Disease outcomes were modeled in the UKBB and used to predict 'pseudo-outcomes' in the HPP, which were then correlated with unique HPP measurements.
The framework enables transfer of knowledge from large longitudinal cohorts to smaller, more deeply phenotyped cohorts.
Results
The pseudo-outcome modeling approach successfully recapitulated known biomarkers across the spectrum of diseases studied.
Known biomarkers were recapitulated 'across the spectrum of diseases studied.'
Biomarkers were identified from gut microbiome, liver ultrasound, and other modalities.
The method also revealed 'less-attested biomarkers in a range of different modalities.'
Results
Multivariate analysis identified the contribution of each measurement modality in predicting each disease pseudo-outcome.

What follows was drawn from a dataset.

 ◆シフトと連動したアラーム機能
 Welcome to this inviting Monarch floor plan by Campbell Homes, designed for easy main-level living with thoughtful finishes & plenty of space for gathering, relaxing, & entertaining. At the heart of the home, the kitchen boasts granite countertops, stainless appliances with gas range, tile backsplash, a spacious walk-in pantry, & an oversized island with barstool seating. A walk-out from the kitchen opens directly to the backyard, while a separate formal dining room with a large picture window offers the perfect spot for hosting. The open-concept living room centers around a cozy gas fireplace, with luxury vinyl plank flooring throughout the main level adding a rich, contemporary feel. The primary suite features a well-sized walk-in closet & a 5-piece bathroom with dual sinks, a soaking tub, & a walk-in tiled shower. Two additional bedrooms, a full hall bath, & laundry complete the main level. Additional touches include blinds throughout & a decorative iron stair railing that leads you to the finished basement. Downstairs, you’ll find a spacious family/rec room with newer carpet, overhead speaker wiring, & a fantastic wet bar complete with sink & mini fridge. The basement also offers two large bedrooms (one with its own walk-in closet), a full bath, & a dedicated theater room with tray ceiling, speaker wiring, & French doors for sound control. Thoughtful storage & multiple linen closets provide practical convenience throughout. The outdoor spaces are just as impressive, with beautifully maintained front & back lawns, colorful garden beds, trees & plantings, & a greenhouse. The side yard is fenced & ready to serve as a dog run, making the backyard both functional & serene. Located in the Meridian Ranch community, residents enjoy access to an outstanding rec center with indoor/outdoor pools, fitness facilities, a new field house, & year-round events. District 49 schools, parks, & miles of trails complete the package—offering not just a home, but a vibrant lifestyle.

Multivariate analysis was applied to assess the relative contribution of each modality.
Modalities analyzed included gut microbiome, liver ultrasound, continuous glucose monitoring, and others available in the HPP.

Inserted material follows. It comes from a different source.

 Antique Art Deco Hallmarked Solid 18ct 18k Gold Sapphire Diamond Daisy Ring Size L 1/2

This analysis provided 'a broad perspective across the landscape of many diseases through the lens of many modalities.'
Results
Systemic biomarkers correlated with many diseases were identified across the cohort.

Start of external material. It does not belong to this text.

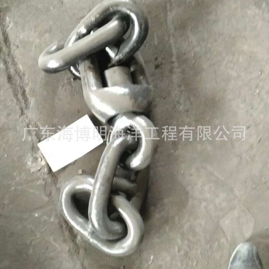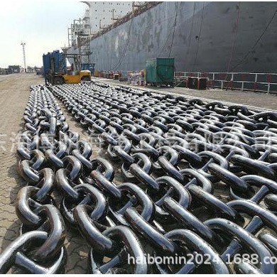 锚链由许多个链环衔接而成,大小以链径约(毫米)表示。依据链环中间有无撑档,分为有档锚链和无档锚链。锚链可用锻造、铸造和焊接等法制成。船用锚链由若干"节"(shackle)组成,每节长25.0~27.5米,节与节之间用链环或卸扣相连。绞起锚后,锚链储存在船首部的锚链舱内。锚链的规格,依照船舶建造标准计算肯定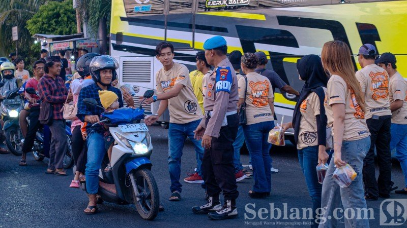 Banyuwangi, seblang.com – Komunitas Musisi dan Singer Banyuwangi (KMSB) menggelar kegiatan sosial berbagi takjil kepada para pengguna jalan di depan Pelabuhan ASDP Ketapang, Banyuwangi, Sabtu (14/3/2026). Kegiatan ini menjadi bentuk kepedulian para insan seni kepada masyarakat sekaligus momentum mempererat silaturahmi antar musisi dan komunitas seni di Banyuwangi.

The study explicitly identified 'systemic biomarkers correlated with many diseases' as a distinct category of finding.
These systemic biomarkers were identified through correlation with predicted pseudo-outcomes across multiple disease models.
Results
Sex-specific biomarkers with higher correlation to a pseudo-outcome for one sex compared to the other were identified.
The study identified 'sex-specific biomarkers with higher correlation to a pseudo-outcome for one sex as compared to the other.'
Sex-specific biomarkers were identified across the range of disease pseudo-outcomes modeled.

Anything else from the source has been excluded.